Bir VPN’nin Çevrimiçi Güvenlik Avantajları
1. Genel Wi-Fi’de Güvenlik
Herkese açık Wi-Fi kullanmak uygundur, ancak gizliliğinizden ödün verir. Belki de yerel kafede e-postanızı kontrol ederken veya havalimanı terminalinde beklerken sosyal medya beslemelerinizde düşüncesizce gezinirken biri sizi izliyordur.
Sanal özel ağ (VPN) kullandığınızda, verilerinizi genel ağlardaki meraklı gözlerden koruyabilirsiniz.
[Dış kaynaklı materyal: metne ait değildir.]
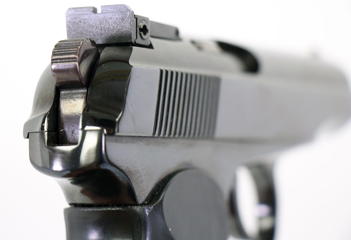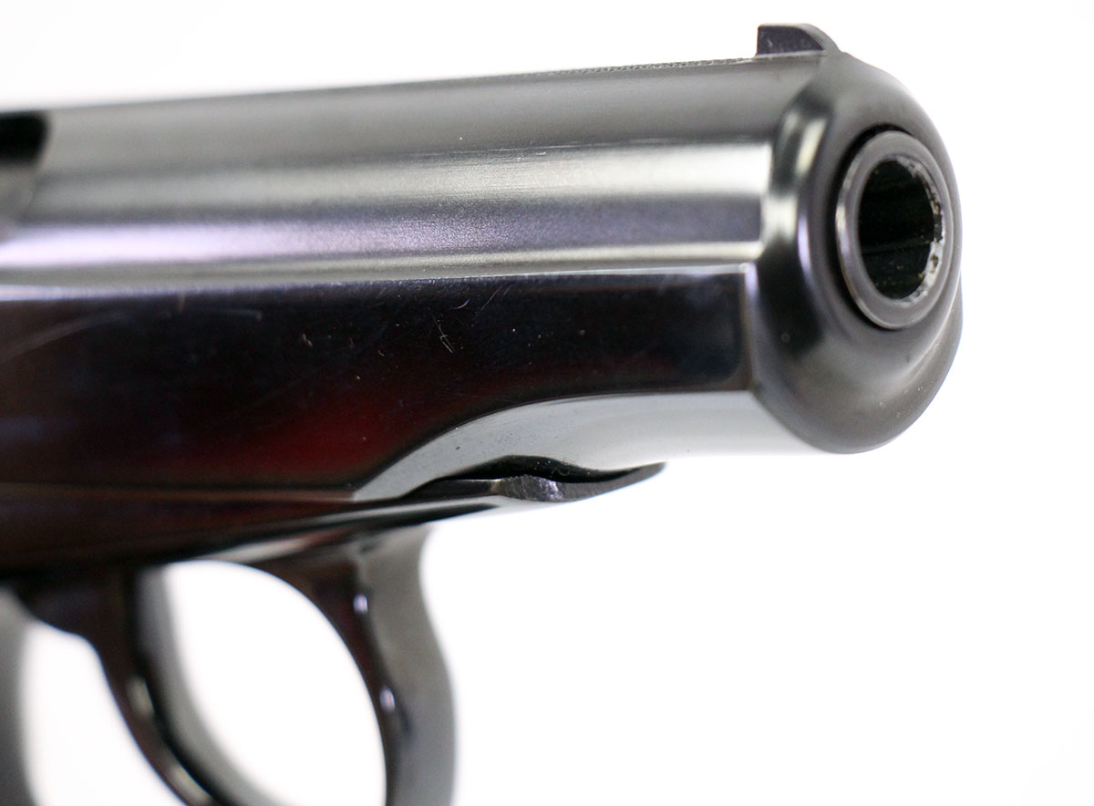 This is a used Baikal IJ-70 Makarov pistol chambered in 9x18 Makarov. It features a 3.75-inch barrel, 8-round magazine, manual safety/decocker, adjustable rear sight, blued finish, and heel magazine release. Overall, this Makarov is in good condition with normal use wear on the barrel, slide, and frame. This gun has KBI import marks on the left side of the slide. This would be a good choice for recreational target shooting. Buy online today!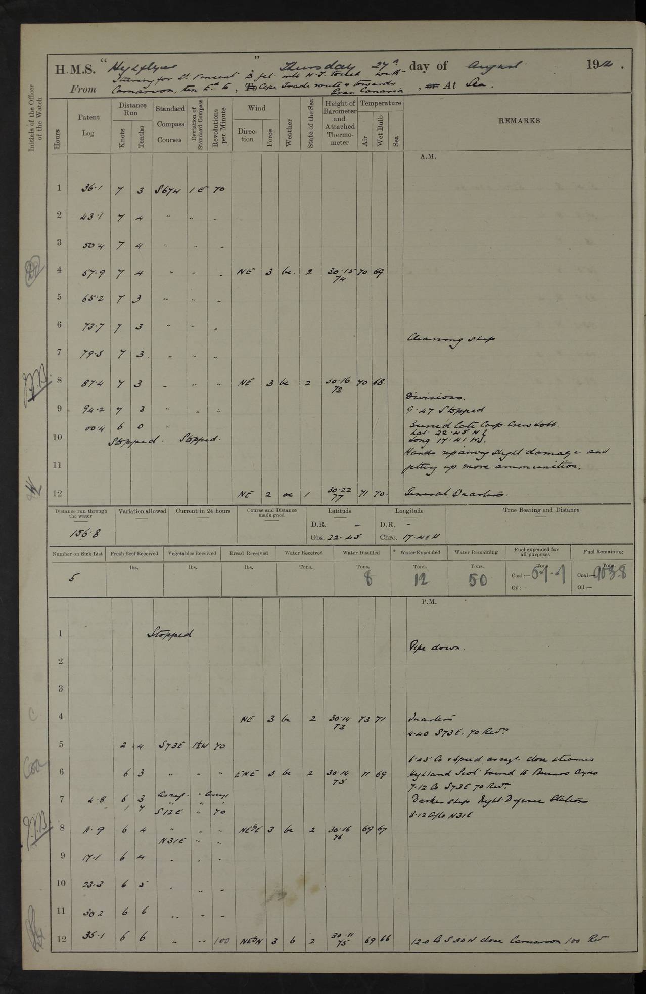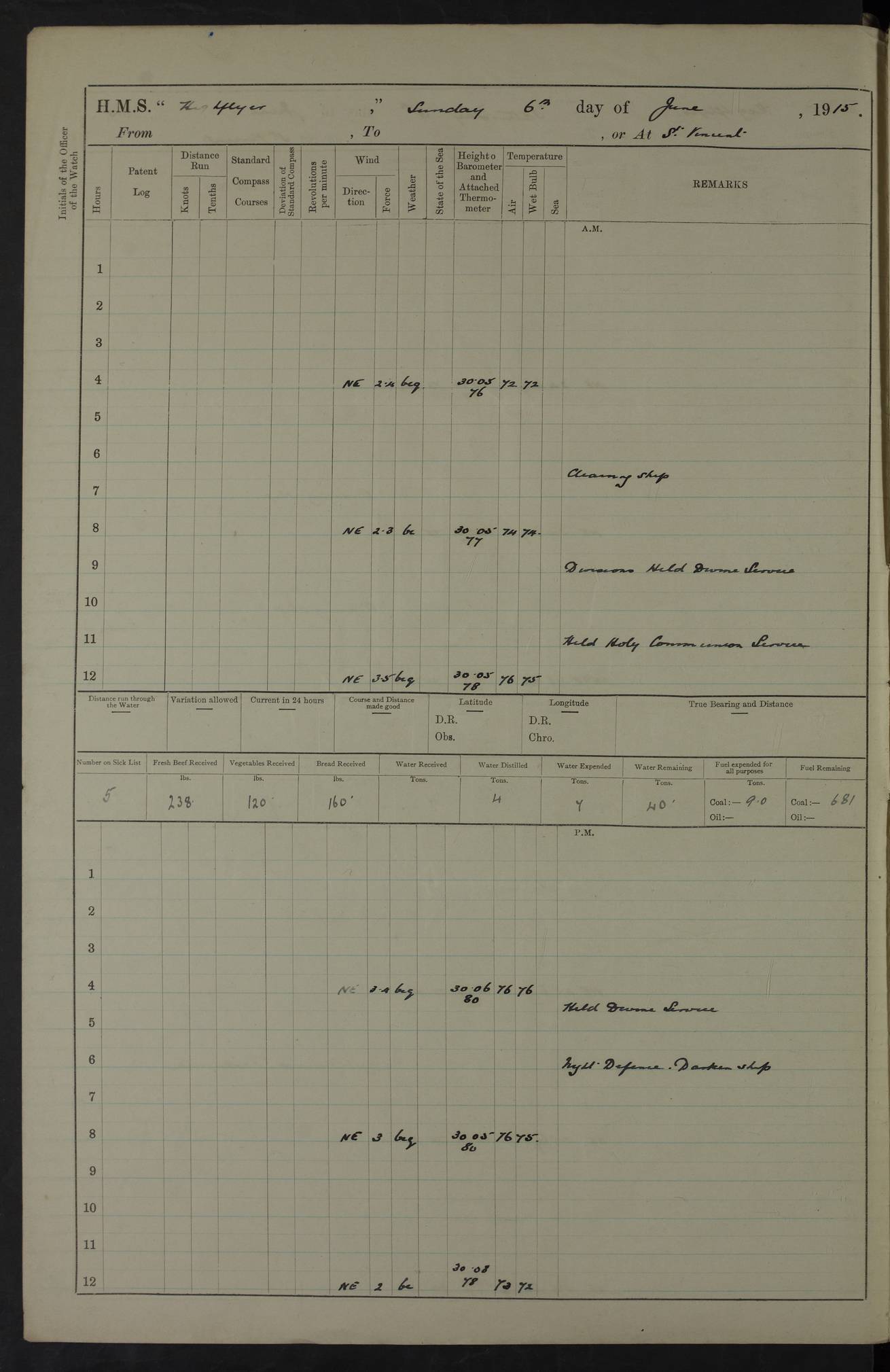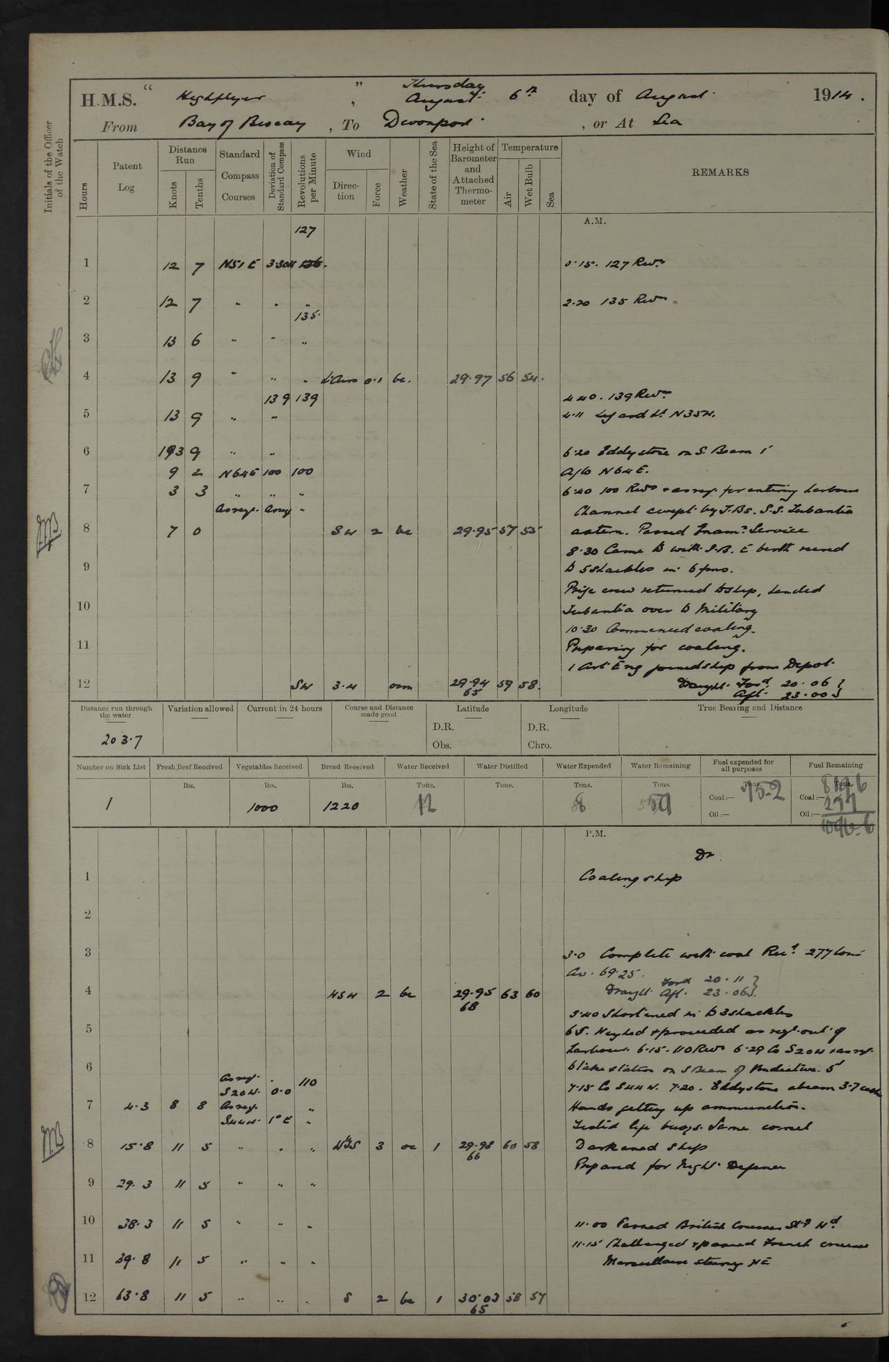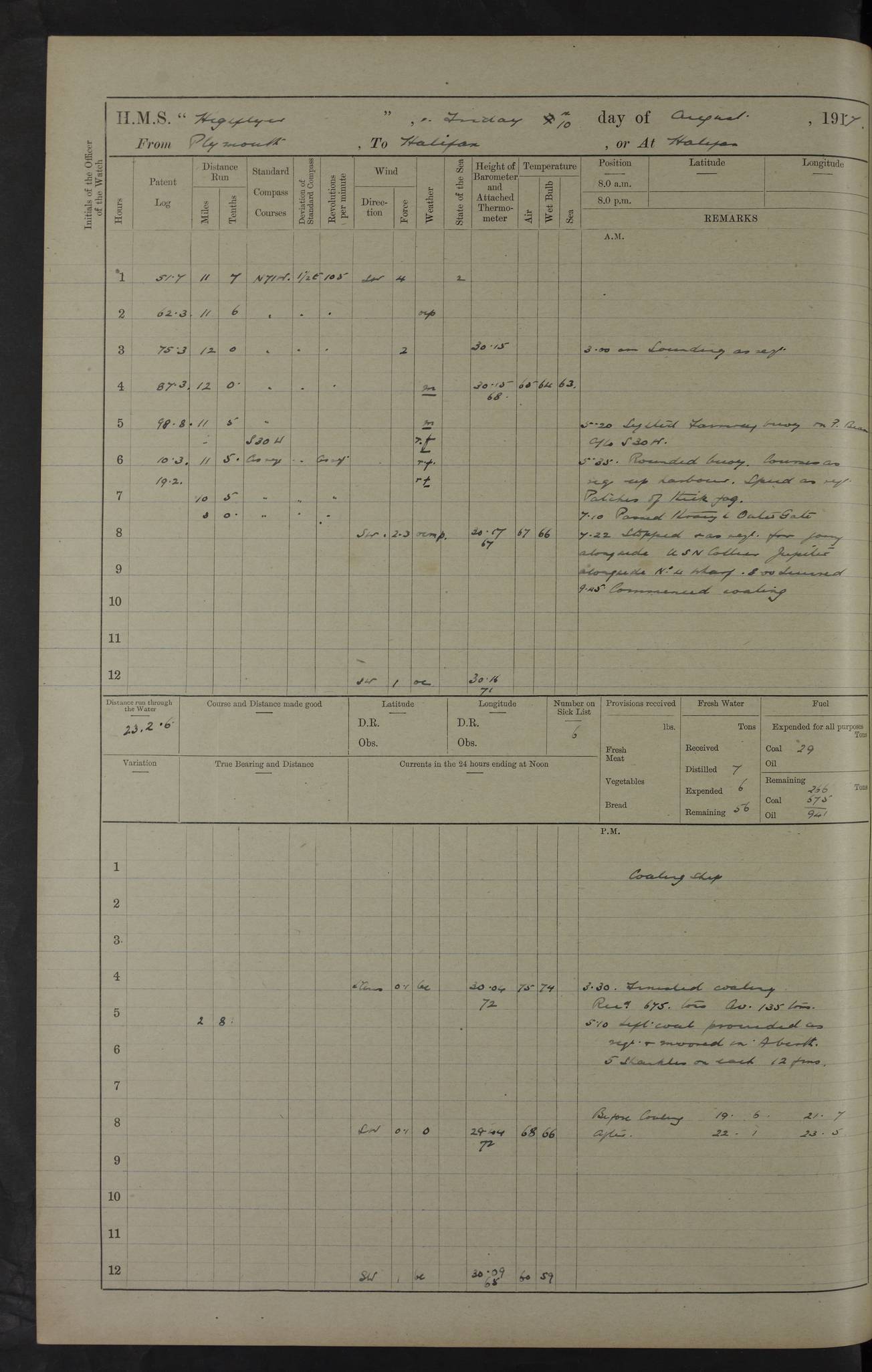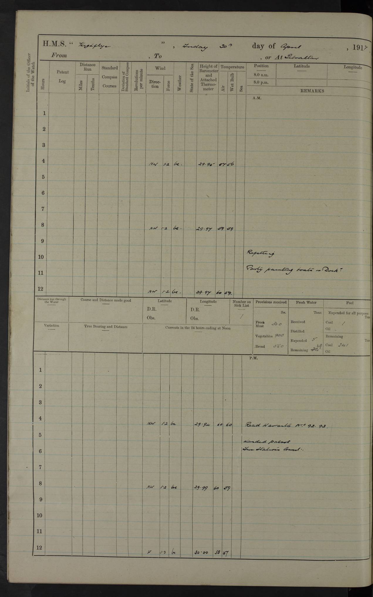(Maps prepared using Journey Plotter, developed by Maikel. The Plots can only be approximate. They are made by joining-up positions on successive days, and sometimes positions are not given. There will therefore be occasions when the ship appears to have travelled overland) LOG BOOK – JUNE 14TH 1913 TO MAY 31ST 1914 4f960fe4a2fc8e2def00041b: (http://s3.amazonaws.com/oldweather/ADM53-44291/ADM 53-44291-001_0.jpg) 4f960fe5a2fc8e2def00041c: (http://s3.amazonaws.com/oldweather/ADM53-44291/ADM 53-44291-001_1.jpg) 4f960fe5a2fc8e2def00041d: (http://s3.amazonaws.com/oldweather/ADM53-44291/ADM 53-44291-002_0.jpg) 4f960fe5a2fc8e2def00041e: (http://s3.amazonaws.com/oldweather/ADM53-44291/ADM 53-44291-002_1.jpg) LOG of HMS Highflyer Commanded by Captain HT Buller MVO FOR THE PERIOD Commencing Saturday 14th June 1913 Ending Sunday 31st May 1914 Tonnage (displacement): 5600 Extreme length: 350 ft Extreme breadth: 54 ft ENGINES Manufacturer: Fairfield Shipbuilding & Engineering Co, Glasgow IHP: 10.000 Description: Vertical triple expansion 4 cylinders When fixed on board: 1898 BOILERS Manufacturer: Fairfield Shipbuilding & Engineering Co Description: Belleville with economisers 18 in No When made: 1898 When put in vessel: 1898 SCREW PROPELLER Manufacturer: Fairfield Shipbuilding & Engineering Co Description: Twin 3 bladed Admiralty design (bronze) General state of repair: Good 4f960fe6a2fc8e2def00041f: (http://s3.amazonaws.com/oldweather/ADM53-44291/ADM 53-44291-003_0.jpg) [Directions for using the log, figures to indicate the force of the wind and the state of the sea, and letters to denote the state of the weather.] 4f960fe6a2fc8e2def000420: (http://s3.amazonaws.com/oldweather/ADM53-44291/ADM 53-44291-003_1.jpg) Establishment of ship’s company Officers 32 Seamen 164 Boys 24 Marines 50 Engine-room establishment 134 Other non-executive ratings 466 BAROMETER Mercurial or aneroid: Mercurial Name of maker & number: Adie A 577 Height of cistern above sea: 9 feet Thermometers for air temperature Position in ship: Fore bridge Whether in screen: Yes Maker & number: Negretti & Zambra MO/A 9607 dry; from June 14, 1913 to June 1, 1914 MO/A 9603 wet; from June 14, 1913 to June 1, 1914 Thermometer for sea temperature Maker & number: J Hicks A 434; from June 14, 1913 to June 1, 1914 Position of standard compass Fore upper bridge DEVIATION OF STANDARD COMPASS Date obtained: August 29th 1913 Position: Sheerness, No 28 buoy ARMAMENT Fxle: one 6” QF PII S waist: four 6” QF PII P waist: four 6” QF PII OD: two 6” QF PII Battle deck: two 12-pounder 12-cwt SII S waist: three 12-pounder 12-cwt SII P waist: three 12-pounder 12-cwt SII AS deck: 3-pounder QF (Hotchkiss) P waist: 12-pounder 8-cwt field gun Torpedo armament 2 18” tubes BOATS 2 pinnaces, 36 ft sailing 2 cutters 1 gig, 30 ft 1 whaler 1 steam cutter, 32 ft MISCELLANEOUS INFORMATION Draught of water with bunkers full, and complete with provisions, stores and water: forward 22 ft 0 in, aft 23 ft 2 in Load draught, 600 tons coal: forward 19 ft 6 in, aft 21 ft 6 in Number of tons necessary to increase draught 1 inch: 31.5 Number of tons of coal carried (43 cubic feet per ton): a) At load draught, 600 b) With bunkers full, 1132 c) In places other than bunkers, nil Quantity of water carried: a) For boilers, 207 tons b) For drinking 60 tons THE VOYAGES OF HMS HIGHFLYER 1913-1914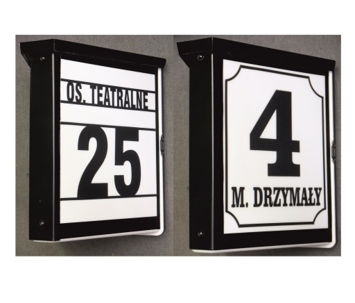 - Dane adresowe, które mają być wykonane na lampie (numer domu + opcjonalnie ulica lub inne dane)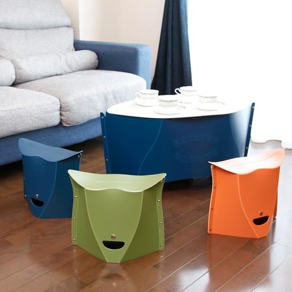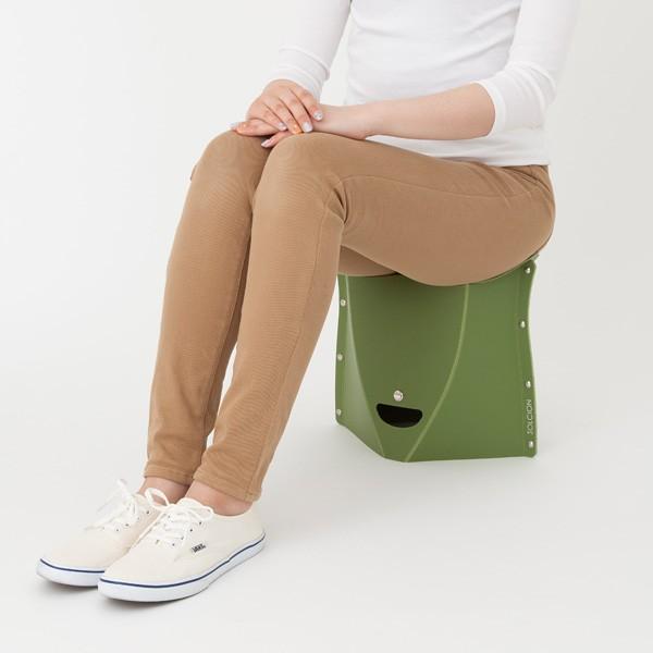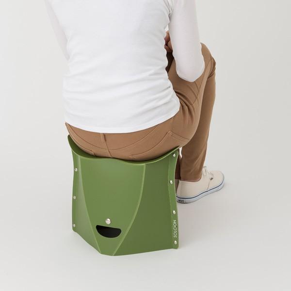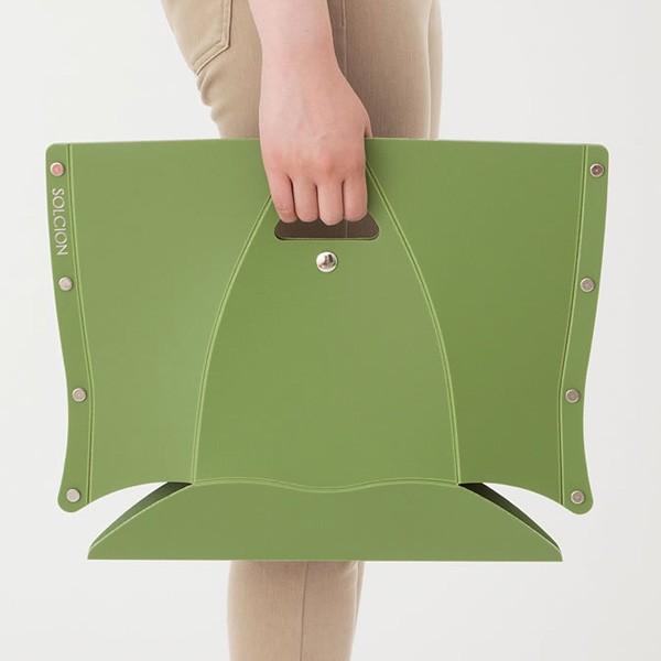 開いて押すだけのワンステップで簡単に組み立てができる折りたたみイス。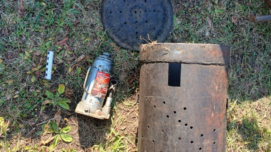 Прибыв по указанному адресу, полицейские нашли и изъяли сухую растительную массу с характерным запахом марихуаны, расфасованную по 50 мешкам, канистры, кастрюлю и бидон с гашишным маслом, масса которого, согласно проведенному исследованию, составила свыше 3 килограммов.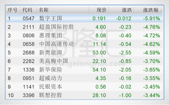 今日港股通标的中跌幅前五的个股是数字王国(00547.HK)、超盈国际控股(02111.HK)、惠理集团(00806.HK)、中国高速传动(00658.HK)、新奥能源(02688.HK)。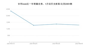 2021年4月,吉利icon销量为1290辆,同比下降51.76%,环比下降5.49%。1-4月份,吉利icon销量为6275辆,同比下降7.19%。在最近1年中,吉利icon销量在2021年01月达到最高,销量为2351辆。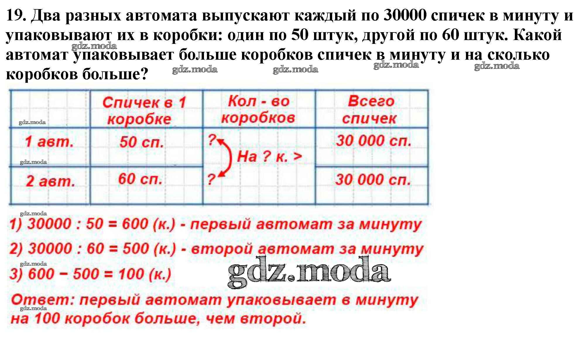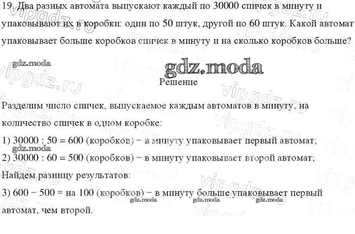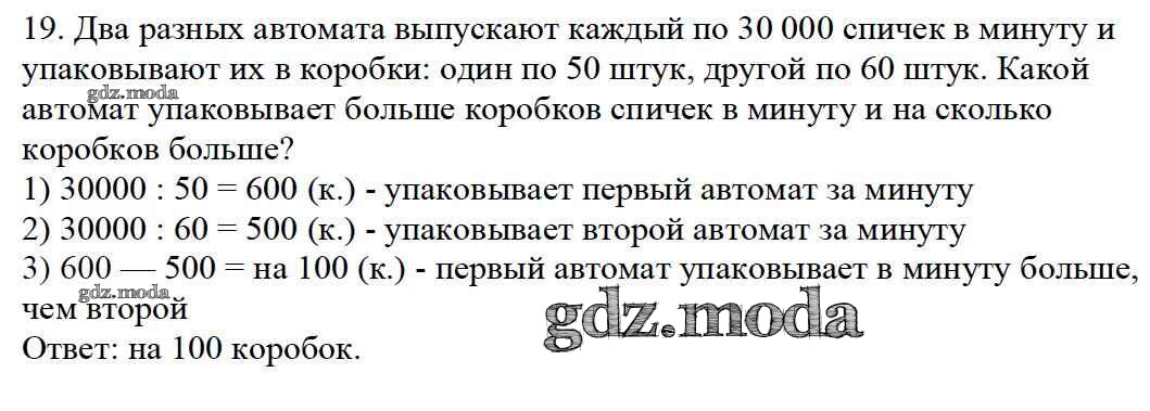 ОТВЕТ на задание № 19 Учебник по Математике 4 класс Моро Школа России

Buna göz atma geçmişiniz, finansal verileriniz, şifreleriniz ve daha fazlası dahildir.
2. ISS’nizden Gizlilik
Evdeki Wi-Fi ağınızı kullanmak, potansiyel olarak bilgisayar korsanları tarafından saldırıya uğrayabileceğiniz halka açık bir yerde kullanmaktan daha güvenlidir. Yine de verileriniz için bir risk var.
Başka bir deyişle, internet servis sağlayıcınız çevrimiçi yaptığınız her şeye erişebilir. ISS’nizin tarama alışkanlıklarınızı izlemesi ve günlüklerinizi tutması mümkündür. Bu bilgiler yanlış ellerde potansiyel olarak tehlikelidir ve “özel” tarama modunu kullanırken bile toplanabilir, bu yüzden dikkatli olun. Bir VPN kullanarak IP adresinizi ISS’nizden gizleyebilirsiniz.
Kendinizi ISS’nizden korumak için bir VPN seçtiğinizde, sizi gözetleyen bir VPN sağlayıcısına güvenemeyeceğiniz için günlük kaydı olmayan bir VPN seçtiğinizden emin olun.
3. Uygulamalarınızdan ve Hizmetlerinizden Gizlilik
İnternet servis sağlayıcınızın (ISS) oluşturduğunun ötesinde riskler vardır. Facebook da dahil olmak üzere en popüler uygulamaların ve web sitelerinin çoğunun, şüpheli kullanıcı verilerini ele almaları nedeniyle ateş altında kalması talihsiz bir durumdur.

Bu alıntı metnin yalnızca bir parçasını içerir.